Want your children and grandchildren to learn about the Middle East in their college studies? Beware of what you wish for. Below is a short article indicative of the state of “Middle East Studies” at universities. As a parent, grandparent or alumnus, you should check on what is being taught, texts used, and insist on a balanced staff and instruction.
Vassar's Joshua Schreier Promises Zero Objectivity
Campus Watch ^ | 12/12/8 |
Posted on December 12, 2008
Biased Middle East studies professors are nothing new, but what about a professor who actually states in his course syllabus that he has no intention of presenting a scholarly, balanced approach to the Arab-Israeli conflict? This is how Vassar College history professor Joshua Schreier introduces the syllabus for his fall 2008 course, "The Roots of the Palestine-Israel Conflict":
Students should keep in mind that this course is NOT designed to present "an objective" account of a "two-sided" conflict. The fact that there are supposedly two sides does not obligate us to portray each as equally right and/or equally wrong. The goal, rather, is to understand why the conflict arose, and what sorts of power inequalities have made it continue.
Schreier then goes on to lay blame at the feet of—you guessed it—Western imperialism, before making clear that he believes Jews (and, presumably, other non-Muslims?) do not belong in the Middle East:
…Why and how did economic globalization, technological development, and European imperialism foster the creation of two different national identities in Palestine? Why and how and when did these two identities develop in such a way as to preclude members of certain religious or ethnic groups from belonging?
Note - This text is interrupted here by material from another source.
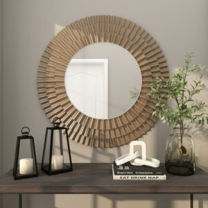 - Round wall mirror is made of durable iron, MDF wood, and glass mirror materials
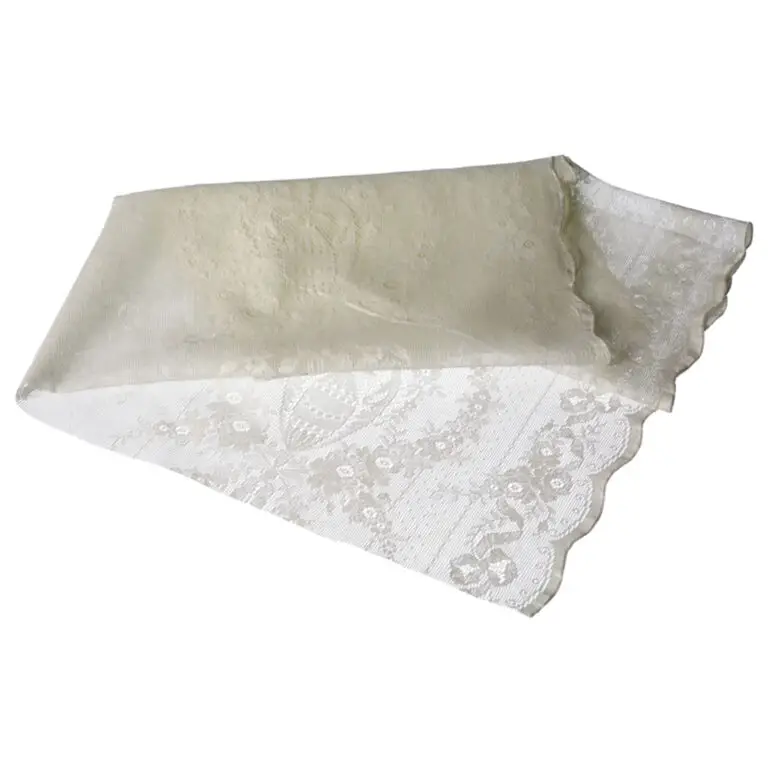 Spets- eller trådgardiner var en mycket vanlig importvara i Sverige från det sena 1800-talet fram till andra världskriget. Många mönster, liksom detta, vävdes i Skottland, där det fortfarande finns en stark och levande tradition för mönstrade gardiner av riktig bomull. Denna gardin vävs fortfarande på gamla vävstolar i ett av de få kvarvarande väverierna. Gardinen är av finaste elfenbensvit bomull och praktfullt mönstrad med rosor i vaser, girlanger, band och bårder. Ett tidstypisk överdådigt 1800-talsmönster, lämpligt till husets finaste rum.

Why does Palestine, an area of the Ottoman Empire where the vast majority of people were Arabic-speaking Muslims only 70 years ago, currently host a "Jewish" state whose leadership claims to represent, first and foremost, only one of the ethnic/national communities living there?
Schreier is fond of using terms such as "Jewish ethnocracy" and "ethnic cleansing" in his discussion topics. The fact that Israeli society is multi-ethnic and multi-religious, while neighboring Islamic states do not allow freedom of religion and often discriminate against minorities, including Palestinians, seems to be lost on Schreier.
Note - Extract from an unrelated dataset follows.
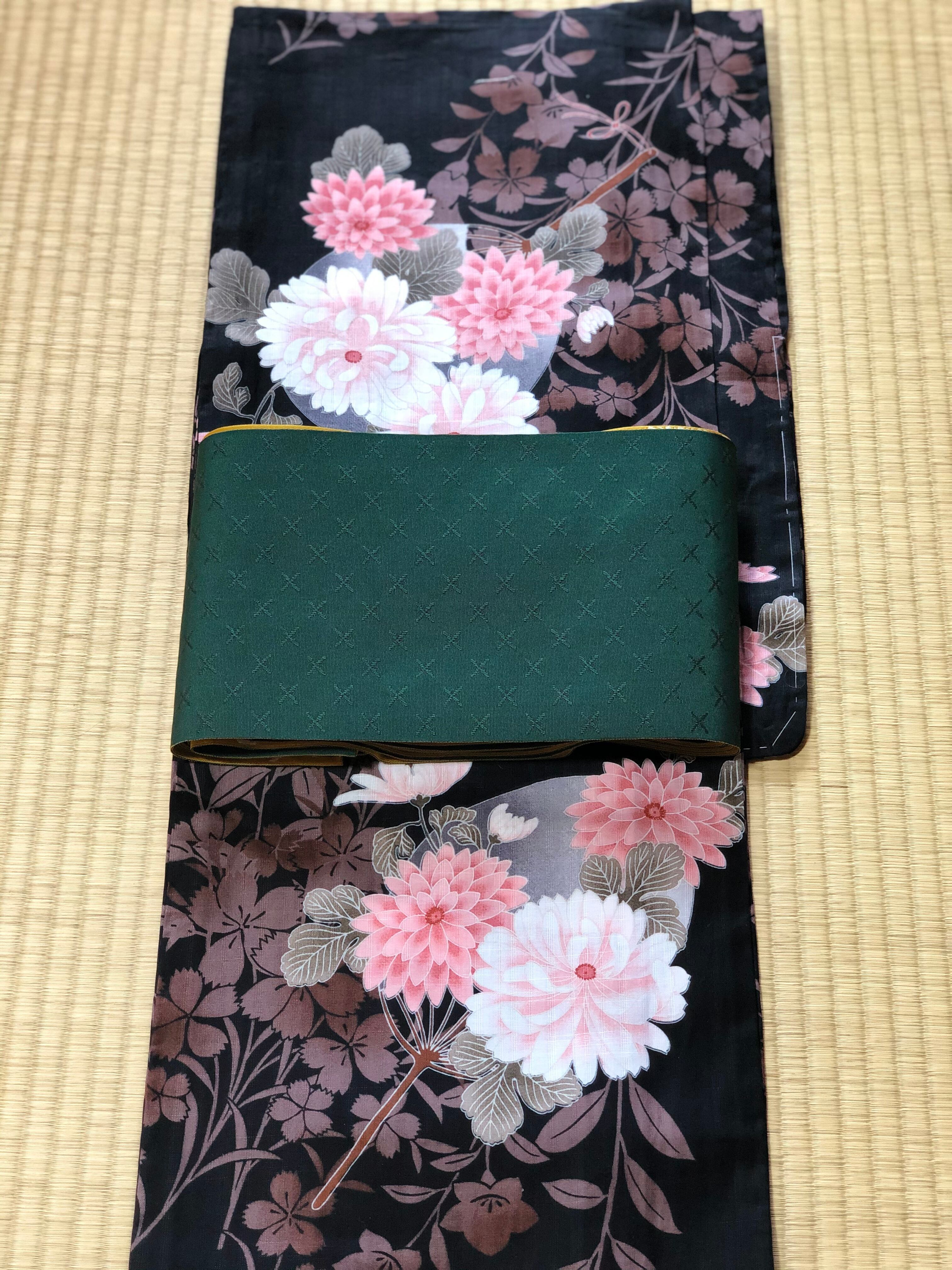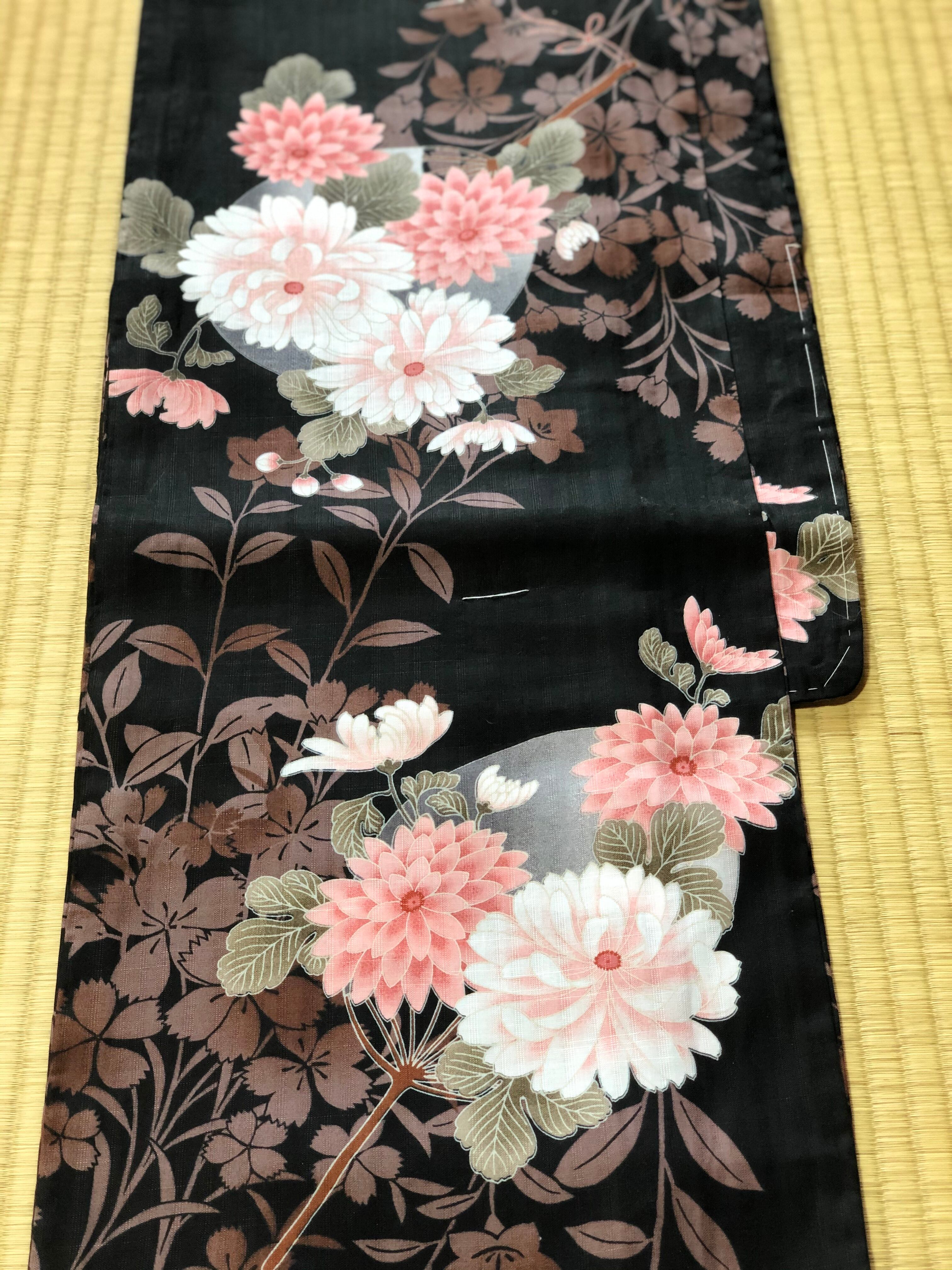 黒地菊柄浴衣 新品

In keeping with Schreier's stated goal of presenting only one perspective, his required texts are authored by some of the most anti-Israel professors in the field. They include Columbia University's Rashid Khalidi, UCLA's James Gelvin, UC Berkeley's Beshara Doumani, and Nur Masalha of Saint Mary's College (UK). None have demonstrated a modicum of objectivity in their teachings, which makes them perfect vehicles for Schreier's propagandistic methodology.
That a "history" professor would so blatantly broadcast his biases indicates that Middle East studies, as Professor Barry Rubin described it, has truly hit rock bottom.